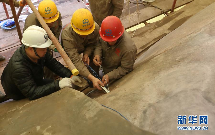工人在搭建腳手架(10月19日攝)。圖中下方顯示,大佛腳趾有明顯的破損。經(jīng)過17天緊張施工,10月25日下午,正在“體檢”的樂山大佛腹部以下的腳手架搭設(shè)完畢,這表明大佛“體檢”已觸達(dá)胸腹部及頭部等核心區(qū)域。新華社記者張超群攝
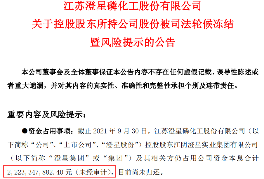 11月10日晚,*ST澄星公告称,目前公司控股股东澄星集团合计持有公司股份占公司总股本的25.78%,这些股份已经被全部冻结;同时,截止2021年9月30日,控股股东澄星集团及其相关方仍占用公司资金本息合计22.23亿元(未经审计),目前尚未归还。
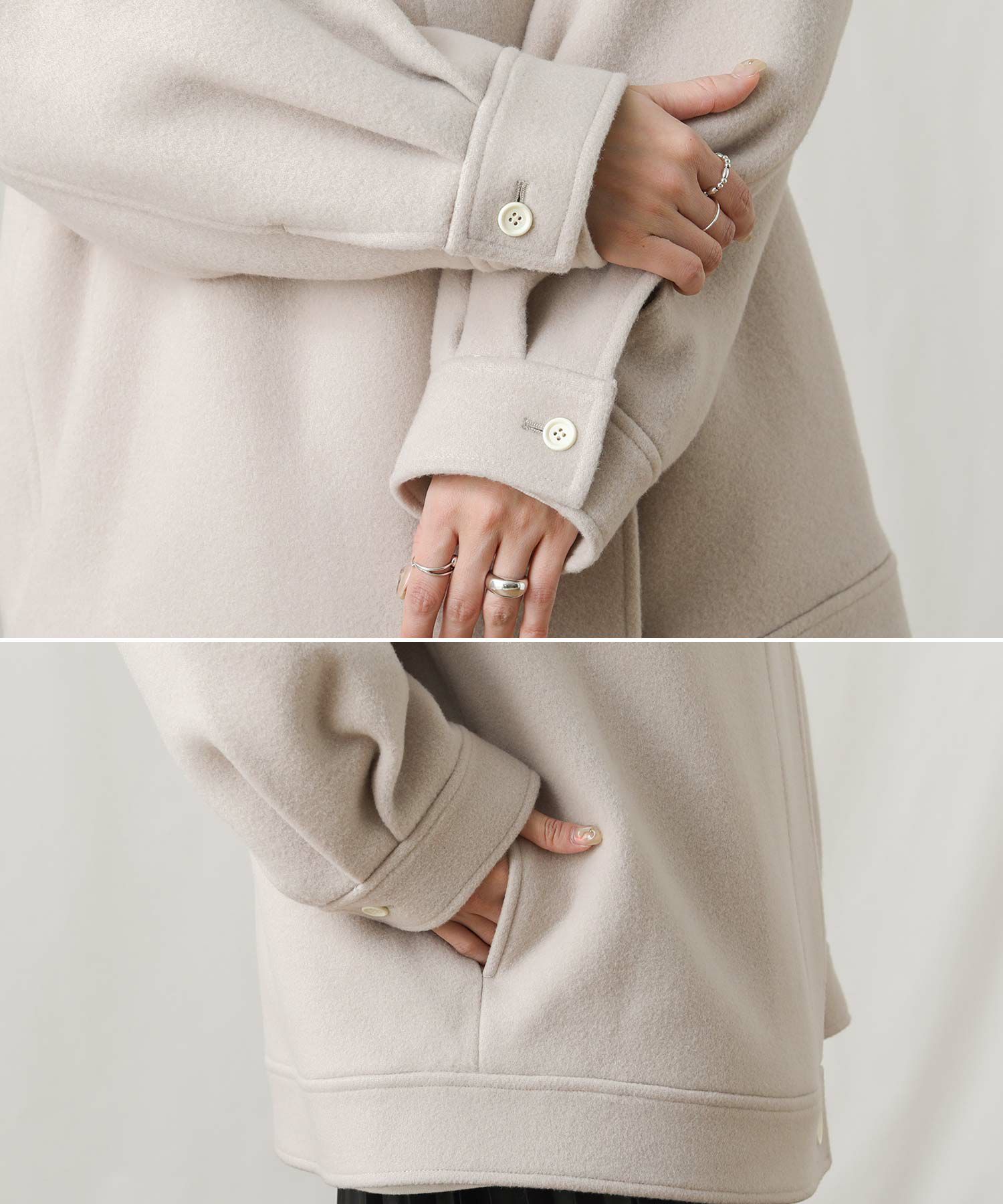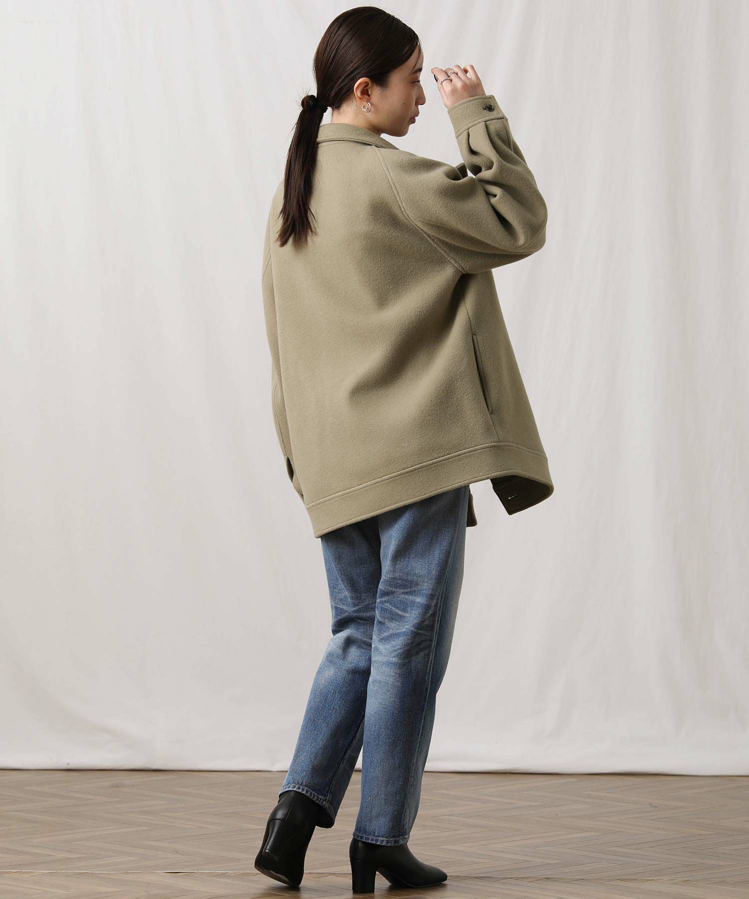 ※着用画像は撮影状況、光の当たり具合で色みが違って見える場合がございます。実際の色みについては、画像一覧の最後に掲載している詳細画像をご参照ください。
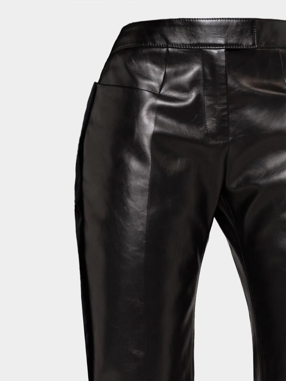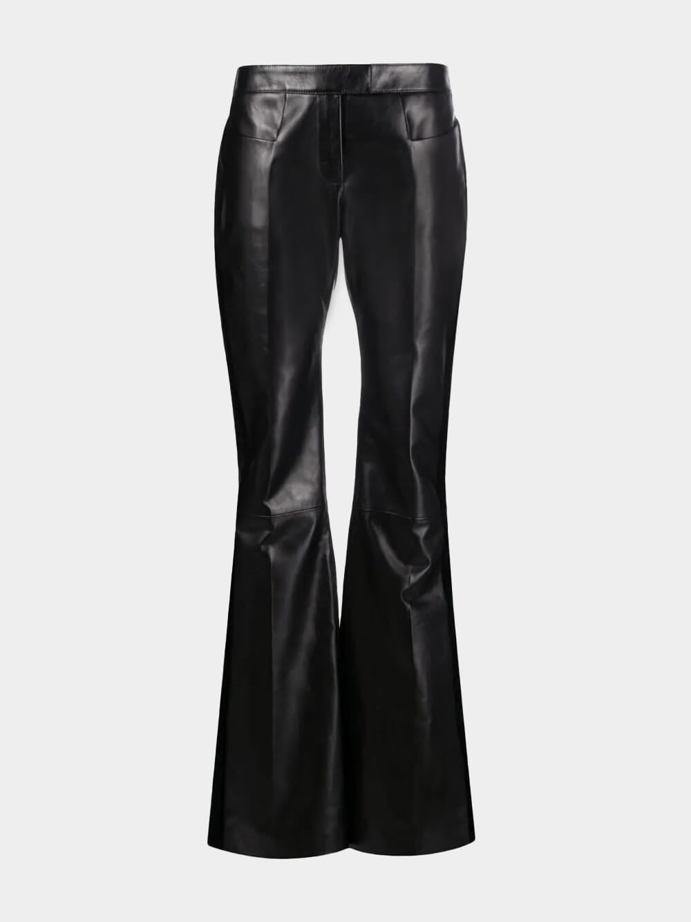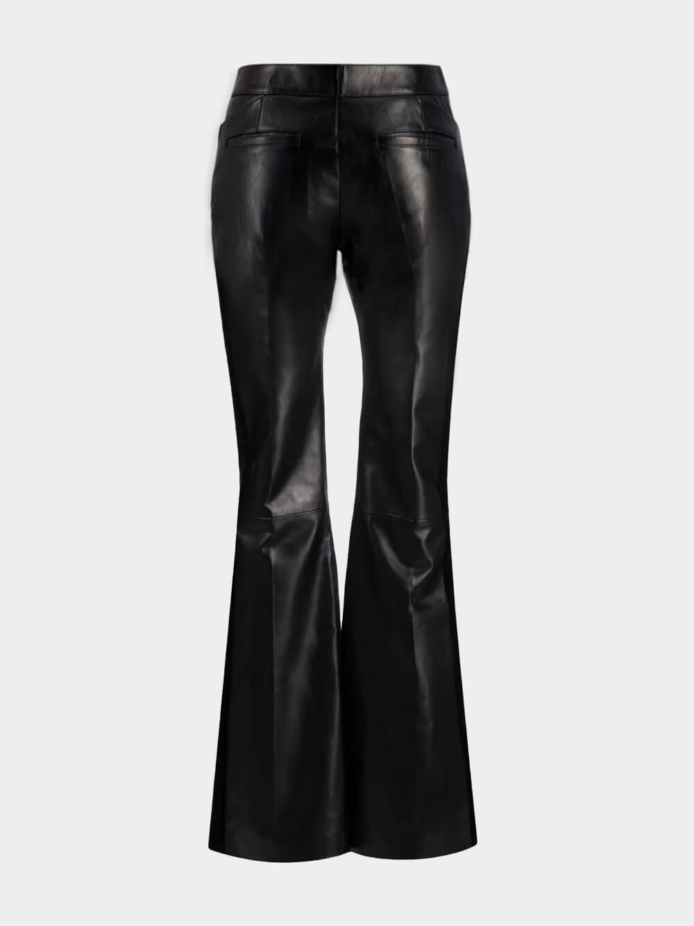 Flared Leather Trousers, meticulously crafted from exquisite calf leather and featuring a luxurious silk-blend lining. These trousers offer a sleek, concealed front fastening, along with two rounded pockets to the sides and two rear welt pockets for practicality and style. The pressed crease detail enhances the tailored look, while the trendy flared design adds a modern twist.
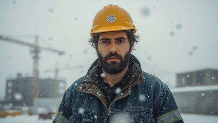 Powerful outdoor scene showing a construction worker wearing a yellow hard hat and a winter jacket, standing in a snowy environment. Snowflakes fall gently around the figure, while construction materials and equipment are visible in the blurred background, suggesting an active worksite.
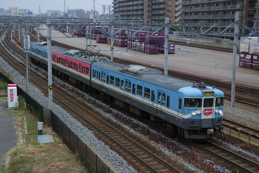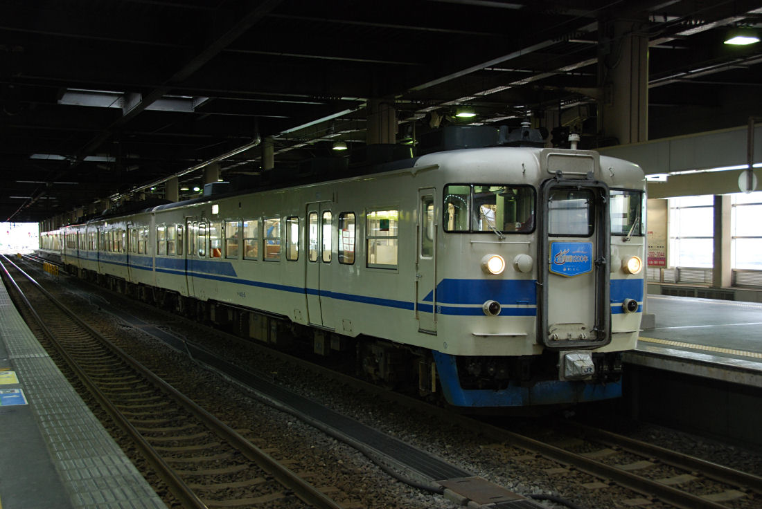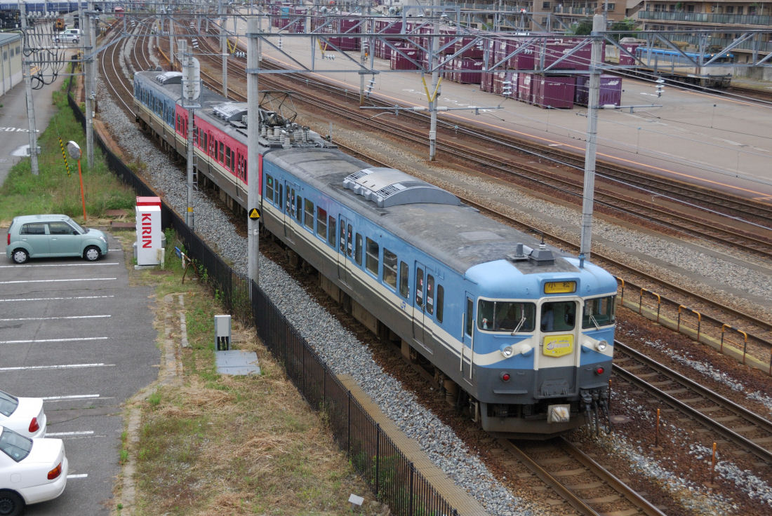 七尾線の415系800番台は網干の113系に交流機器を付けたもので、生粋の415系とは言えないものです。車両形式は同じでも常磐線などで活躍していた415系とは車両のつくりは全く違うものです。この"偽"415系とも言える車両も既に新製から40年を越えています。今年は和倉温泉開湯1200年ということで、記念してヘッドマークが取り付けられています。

========================

**Required work:**
Here the job is to repeat the entries verbatim while leaving all pictures out.

**Reply:**
工人在搭建腳手架(10月19日攝)。圖中下方顯示,大佛腳趾有明顯的破損。經(jīng)過17天緊張施工,10月25日下午,正在“體檢”的樂山大佛腹部以下的腳手架搭設(shè)完畢,這表明大佛“體檢”已觸達(dá)胸腹部及頭部等核心區(qū)域。新華社記者張超群攝
 11月10日晚,*ST澄星公告称,目前公司控股股东澄星集团合计持有公司股份占公司总股本的25.78%,这些股份已经被全部冻结;同时,截止2021年9月30日,控股股东澄星集团及其相关方仍占用公司资金本息合计22.23亿元(未经审计),目前尚未归还。
 ※着用画像は撮影状況、光の当たり具合で色みが違って見える場合がございます。実際の色みについては、画像一覧の最後に掲載している詳細画像をご参照ください。
 Flared Leather Trousers, meticulously crafted from exquisite calf leather and featuring a luxurious silk-blend lining. These trousers offer a sleek, concealed front fastening, along with two rounded pockets to the sides and two rear welt pockets for practicality and style. The pressed crease detail enhances the tailored look, while the trendy flared design adds a modern twist.
 Powerful outdoor scene showing a construction worker wearing a yellow hard hat and a winter jacket, standing in a snowy environment. Snowflakes fall gently around the figure, while construction materials and equipment are visible in the blurred background, suggesting an active worksite.
 七尾線の415系800番台は網干の113系に交流機器を付けたもので、生粋の415系とは言えないものです。車両形式は同じでも常磐線などで活躍していた415系とは車両のつくりは全く違うものです。この"偽"415系とも言える車両も既に新製から40年を越えています。今年は和倉温泉開湯1200年ということで、記念してヘッドマークが取り付けられています。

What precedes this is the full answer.